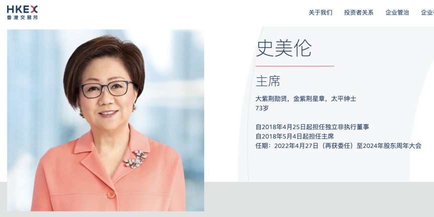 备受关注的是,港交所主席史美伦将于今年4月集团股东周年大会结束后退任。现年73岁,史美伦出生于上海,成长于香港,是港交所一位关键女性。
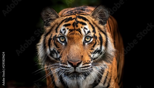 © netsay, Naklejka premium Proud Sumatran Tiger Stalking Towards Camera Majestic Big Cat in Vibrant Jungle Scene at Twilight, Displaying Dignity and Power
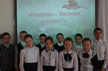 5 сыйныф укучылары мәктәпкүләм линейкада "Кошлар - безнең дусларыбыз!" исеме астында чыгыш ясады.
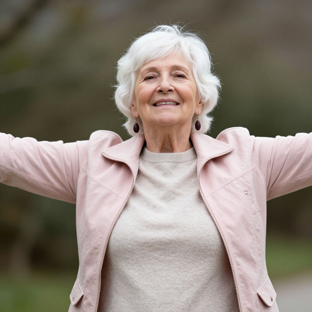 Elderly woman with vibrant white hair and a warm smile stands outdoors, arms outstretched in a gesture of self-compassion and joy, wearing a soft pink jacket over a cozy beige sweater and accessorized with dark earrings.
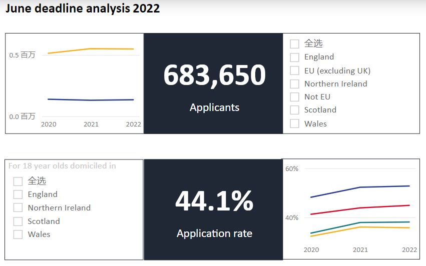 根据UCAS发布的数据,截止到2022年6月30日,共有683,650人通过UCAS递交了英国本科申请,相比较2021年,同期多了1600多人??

...

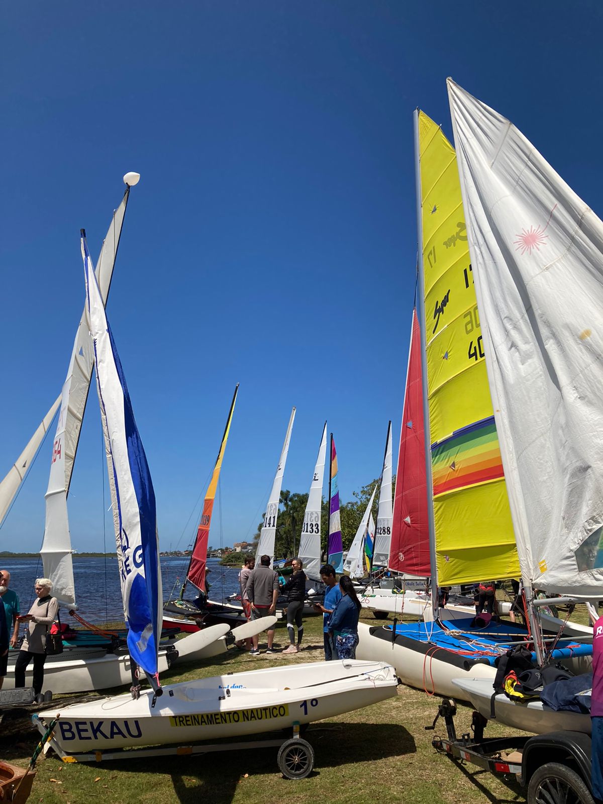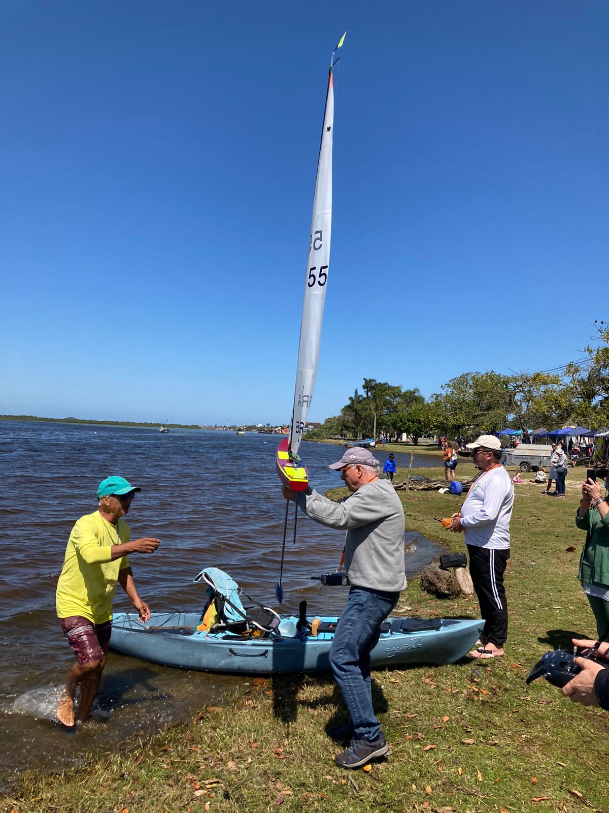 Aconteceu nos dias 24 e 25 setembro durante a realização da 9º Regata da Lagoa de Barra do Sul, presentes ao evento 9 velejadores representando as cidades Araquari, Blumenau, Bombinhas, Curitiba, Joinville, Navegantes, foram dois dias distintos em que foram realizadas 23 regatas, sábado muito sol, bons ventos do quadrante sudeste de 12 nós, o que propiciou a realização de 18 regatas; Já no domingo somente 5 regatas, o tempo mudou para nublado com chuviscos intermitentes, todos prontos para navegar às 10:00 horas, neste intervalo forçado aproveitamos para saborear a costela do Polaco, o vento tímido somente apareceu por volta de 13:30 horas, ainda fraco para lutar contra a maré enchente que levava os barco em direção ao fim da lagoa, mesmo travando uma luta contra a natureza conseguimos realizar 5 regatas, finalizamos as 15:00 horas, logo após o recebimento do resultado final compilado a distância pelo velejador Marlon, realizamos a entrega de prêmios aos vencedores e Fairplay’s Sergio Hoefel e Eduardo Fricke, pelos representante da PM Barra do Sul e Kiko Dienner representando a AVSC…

Instructions for the task: Take only the lines above from the one that has "备受关注的是,港交所主席史美" through the one that has "5 сыйныф укучылары" and reproduce them exactly, omitting any pictures.

Solution for this task:
 备受关注的是,港交所主席史美伦将于今年4月集团股东周年大会结束后退任。现年73岁,史美伦出生于上海,成长于香港,是港交所一位关键女性。
 © netsay, Naklejka premium Proud Sumatran Tiger Stalking Towards Camera Majestic Big Cat in Vibrant Jungle Scene at Twilight, Displaying Dignity and Power
 5 сыйныф укучылары мәктәпкүләм линейкада "Кошлар - безнең дусларыбыз!" исеме астында чыгыш ясады.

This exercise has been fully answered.